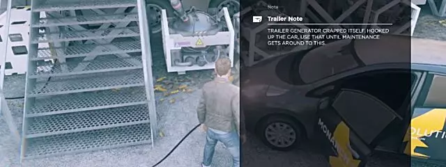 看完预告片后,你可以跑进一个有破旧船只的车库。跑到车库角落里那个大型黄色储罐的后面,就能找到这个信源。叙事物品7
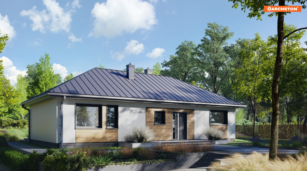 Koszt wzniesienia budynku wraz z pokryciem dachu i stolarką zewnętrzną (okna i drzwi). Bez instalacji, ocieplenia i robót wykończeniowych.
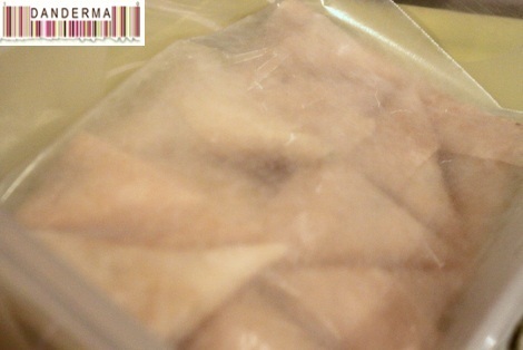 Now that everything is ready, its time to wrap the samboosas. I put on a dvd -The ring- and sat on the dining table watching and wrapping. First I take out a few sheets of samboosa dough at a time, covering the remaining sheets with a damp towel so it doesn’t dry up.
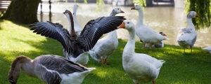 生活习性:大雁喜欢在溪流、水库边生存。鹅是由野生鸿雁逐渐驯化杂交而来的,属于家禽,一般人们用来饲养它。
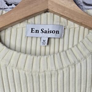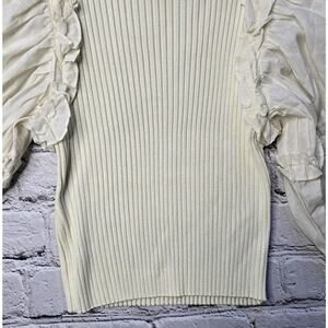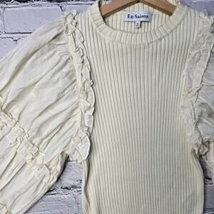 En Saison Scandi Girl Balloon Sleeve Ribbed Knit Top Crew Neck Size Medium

*-*-*

▸ **WORK TO COMPLETE**
In the data above, start at the line holding "Now that everything" and stop after the line holding "生活习性:大雁喜欢在溪流、水"; write out those lines exactly, without pictures.

▸ **EXPECTED ANSWER**
 Now that everything is ready, its time to wrap the samboosas. I put on a dvd -The ring- and sat on the dining table watching and wrapping. First I take out a few sheets of samboosa dough at a time, covering the remaining sheets with a damp towel so it doesn’t dry up.
 生活习性:大雁喜欢在溪流、水库边生存。鹅是由野生鸿雁逐渐驯化杂交而来的,属于家禽,一般人们用来饲养它。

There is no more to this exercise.